The male bobolink arrives in New Hampshire and Vermont in early May. About a week later, the female arrives and sets to work making her cup-like nest of grass on the ground, concealed beneath broad-leaved growth. She starts brooding her eggs towards the end of May, and in about 12 days, the chicks hatch. It takes a further 11 or so days of frenzied feeding by the parents before the young leave the nest in late June. A subset of bobolinks then proceed to raise a second brood that will remain in the fields until late in July.
If hay is cut during this interval, nests and nestlings will be destroyed. The first hay hereabouts is traditionally cut around Memorial Day. Provided they can find cover, bobolinks can re-nest in two weeks if their first nest is destroyed. However, intensive haying often involves a second and even third cutting, leaving no window for successful breeding.
So here’s the paradox for the bobolink: hay fields are both essential and dangerous for their survival.
Landowners who don’t need high-protein, first-cut hay, such as horse owners and those who wish only to keep their fields open, can help bobolinks out by delaying all cutting until late July.
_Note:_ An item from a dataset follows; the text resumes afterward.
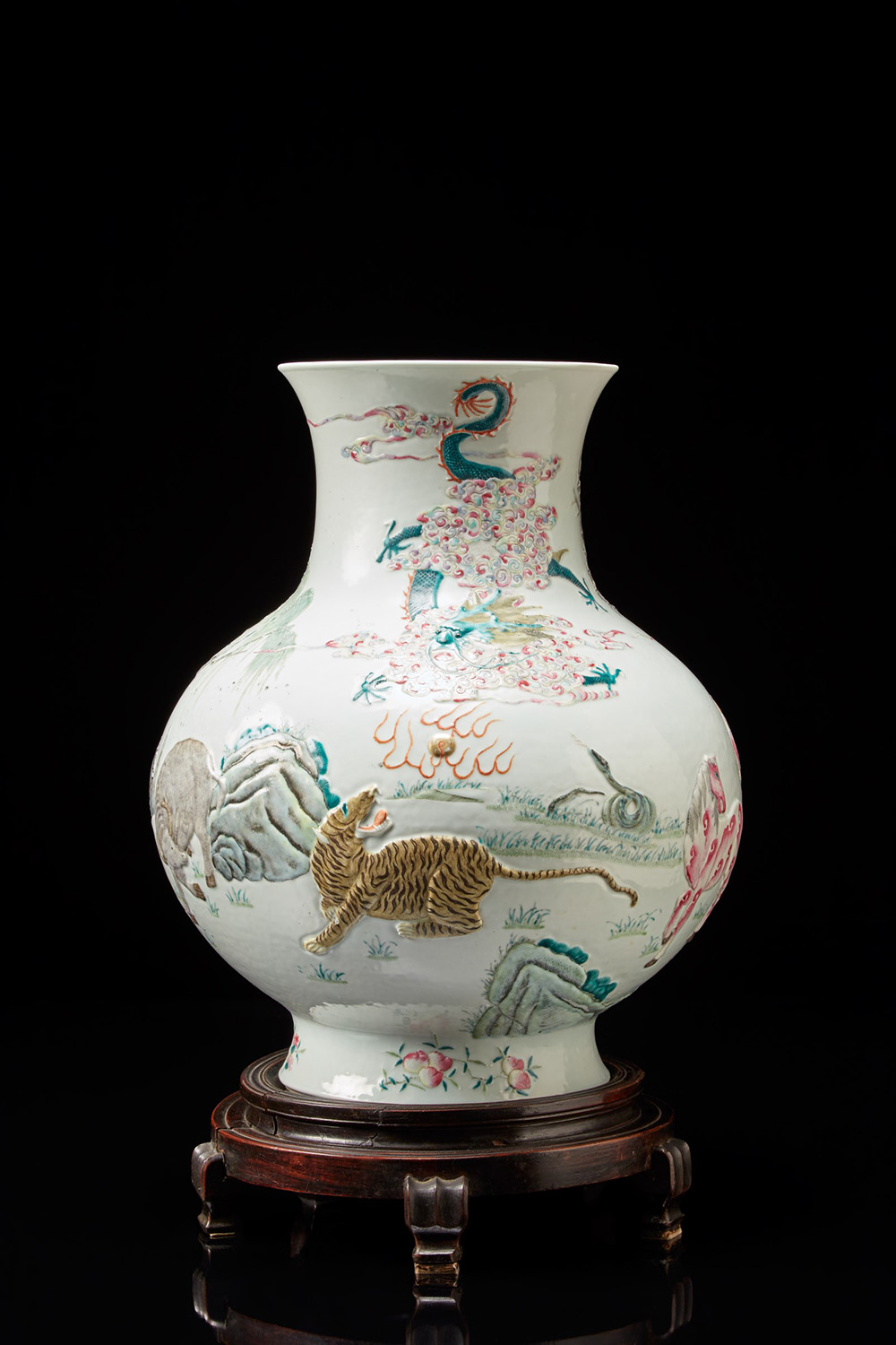 Vaso in porcellana con decori policromi in rilievo degli animali dello zodiaco, con base in legno (restauri) Cina, sec. XIX A polychrome porcelain vase decorated with zodiac symbols in high relief, with wood base (restorations) China, 19th century (h. 49 cm.)

A second option is to allow two full months between the first and second cut, allowing enough time for successful re-nesting.
Delayed mowing benefits more than just bobolinks. Three endangered birds, Henslow’s sparrow, sedge wren, and upland sandpiper, and the threatened meadow lark, grasshopper sparrow, and savannah sparrow, all benefit from favorable management of grassy fields. If you can, give them a hand by only mowing later in the summer.